TL;DR: 20 Kubernetes best practices for 2026

  1. Set resource requests and limits on every container.
  2. Use namespaces plus ResourceQuota and LimitRange for isolation.
  3. Run one container per Pod unless you genuinely need a sidecar.
  4. Manage manifests with Helm, Kustomize, or Pulumi — never raw copies.
  5. Use the Gateway API (ingress-nginx is retired) for north-south traffic.
  6. Configure liveness, readiness, and startup probes for every workload.
  7. Enforce RBAC with the principle of least privilege from day one.
  8. Apply Pod Security Admission at the restricted level by default.
  9. Lock down east-west traffic with NetworkPolicy (default-deny).

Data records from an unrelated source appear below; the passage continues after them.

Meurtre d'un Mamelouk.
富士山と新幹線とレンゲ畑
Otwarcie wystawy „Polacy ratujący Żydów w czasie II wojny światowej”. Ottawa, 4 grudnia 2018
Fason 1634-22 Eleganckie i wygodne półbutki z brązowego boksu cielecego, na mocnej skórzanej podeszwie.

  10. Store secrets in an external secret manager (Pulumi ESC, Vault, AWS Secrets Manager) — not as plain Kubernetes Secrets.
  11. Autoscale with HPA, VPA, and Cluster Autoscaler / Karpenter.

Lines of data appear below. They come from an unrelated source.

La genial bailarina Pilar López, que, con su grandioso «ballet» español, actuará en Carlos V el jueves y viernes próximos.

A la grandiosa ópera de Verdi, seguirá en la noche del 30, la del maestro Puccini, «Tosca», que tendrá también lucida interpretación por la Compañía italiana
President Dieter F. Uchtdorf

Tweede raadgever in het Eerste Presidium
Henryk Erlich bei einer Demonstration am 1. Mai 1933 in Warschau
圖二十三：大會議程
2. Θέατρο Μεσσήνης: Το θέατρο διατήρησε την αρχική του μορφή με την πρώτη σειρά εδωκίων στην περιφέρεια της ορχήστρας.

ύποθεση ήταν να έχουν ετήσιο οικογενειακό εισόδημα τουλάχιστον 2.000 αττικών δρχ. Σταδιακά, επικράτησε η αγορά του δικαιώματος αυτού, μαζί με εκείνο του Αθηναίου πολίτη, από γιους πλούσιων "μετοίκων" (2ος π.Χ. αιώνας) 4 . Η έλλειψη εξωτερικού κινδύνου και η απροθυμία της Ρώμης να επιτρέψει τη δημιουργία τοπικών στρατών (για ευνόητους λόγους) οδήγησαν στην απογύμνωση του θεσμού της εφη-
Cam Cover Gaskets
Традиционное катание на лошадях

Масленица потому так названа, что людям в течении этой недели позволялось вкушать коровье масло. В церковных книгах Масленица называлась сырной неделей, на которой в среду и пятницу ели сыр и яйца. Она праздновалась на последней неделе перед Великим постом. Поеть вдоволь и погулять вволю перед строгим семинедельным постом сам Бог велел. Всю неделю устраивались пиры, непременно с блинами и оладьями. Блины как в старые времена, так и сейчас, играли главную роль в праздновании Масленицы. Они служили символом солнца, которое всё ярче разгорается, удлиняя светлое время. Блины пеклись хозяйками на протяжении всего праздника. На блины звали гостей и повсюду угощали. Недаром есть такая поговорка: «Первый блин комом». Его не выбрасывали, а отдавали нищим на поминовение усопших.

  12. Monitor with Prometheus, Grafana, and OpenTelemetry; alert before users do.
  13. Deploy with GitOps (Argo CD or Flux) — Git is the only source of truth.
  14. Gate every change with policy-as-code (Pulumi CrossGuard, OPA/Gatekeeper, Kyverno).
  15. Generate and verify an SBOM for every image; sign with Sigstore/cosign.
  16. Manage cost with FinOps practices: right-size, schedule, and chargeback by namespace.
  17. Keep clusters and add-ons patched on a documented cadence.
  18. Use labels and annotations consistently for ownership, cost, and SLO tracking.
  19. Separate dev, staging, and prod clusters — or virtualize with vCluster.
  20. Treat clusters as cattle, not pets: rebuild from code, never edit live.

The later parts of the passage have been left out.